====== RECORDS PROVIDED ======

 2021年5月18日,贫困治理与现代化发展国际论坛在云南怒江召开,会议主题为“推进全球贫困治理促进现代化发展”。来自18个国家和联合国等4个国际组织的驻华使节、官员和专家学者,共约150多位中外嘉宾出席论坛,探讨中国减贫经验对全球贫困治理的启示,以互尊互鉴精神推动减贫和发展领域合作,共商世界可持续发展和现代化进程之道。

======
====== RECORDS PROVIDED ======

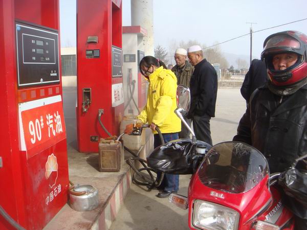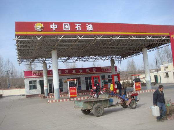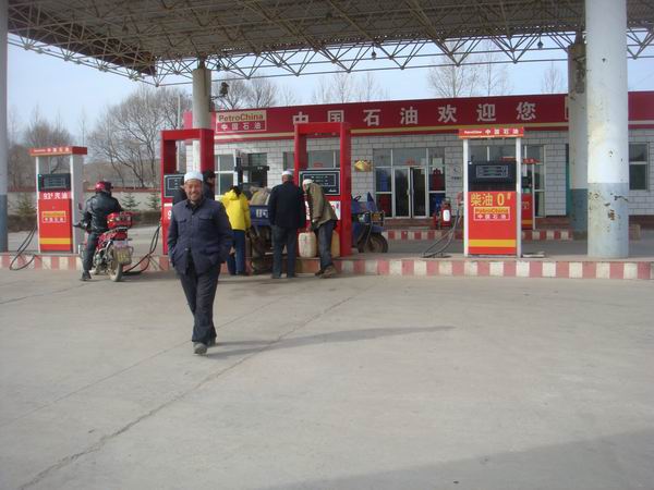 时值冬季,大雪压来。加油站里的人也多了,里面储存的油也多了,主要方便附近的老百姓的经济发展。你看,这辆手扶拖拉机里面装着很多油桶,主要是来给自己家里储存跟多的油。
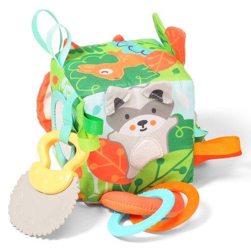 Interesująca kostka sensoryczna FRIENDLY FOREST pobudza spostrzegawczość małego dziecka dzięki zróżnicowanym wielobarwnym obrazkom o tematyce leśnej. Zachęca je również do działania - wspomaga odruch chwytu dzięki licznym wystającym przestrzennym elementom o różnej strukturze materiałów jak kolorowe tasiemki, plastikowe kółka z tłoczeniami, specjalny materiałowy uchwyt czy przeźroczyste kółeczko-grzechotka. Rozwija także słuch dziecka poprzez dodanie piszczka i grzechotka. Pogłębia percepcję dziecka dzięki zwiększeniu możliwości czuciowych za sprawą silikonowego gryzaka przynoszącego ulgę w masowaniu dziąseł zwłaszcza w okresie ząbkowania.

======

WHAT IS NEEDED:
Copy nothing but the lines above from the one with "时值冬季,大雪压来。加油站里" to the one with "Interesująca kostka sensoryczna", inclusive, word for word. Leave every picture out.

FINISHED TASK:
 时值冬季,大雪压来。加油站里的人也多了,里面储存的油也多了,主要方便附近的老百姓的经济发展。你看,这辆手扶拖拉机里面装着很多油桶,主要是来给自己家里储存跟多的油。
 Interesująca kostka sensoryczna FRIENDLY FOREST pobudza spostrzegawczość małego dziecka dzięki zróżnicowanym wielobarwnym obrazkom o tematyce leśnej. Zachęca je również do działania - wspomaga odruch chwytu dzięki licznym wystającym przestrzennym elementom o różnej strukturze materiałów jak kolorowe tasiemki, plastikowe kółka z tłoczeniami, specjalny materiałowy uchwyt czy przeźroczyste kółeczko-grzechotka. Rozwija także słuch dziecka poprzez dodanie piszczka i grzechotka. Pogłębia percepcję dziecka dzięki zwiększeniu możliwości czuciowych za sprawą silikonowego gryzaka przynoszącego ulgę w masowaniu dziąseł zwłaszcza w okresie ząbkowania.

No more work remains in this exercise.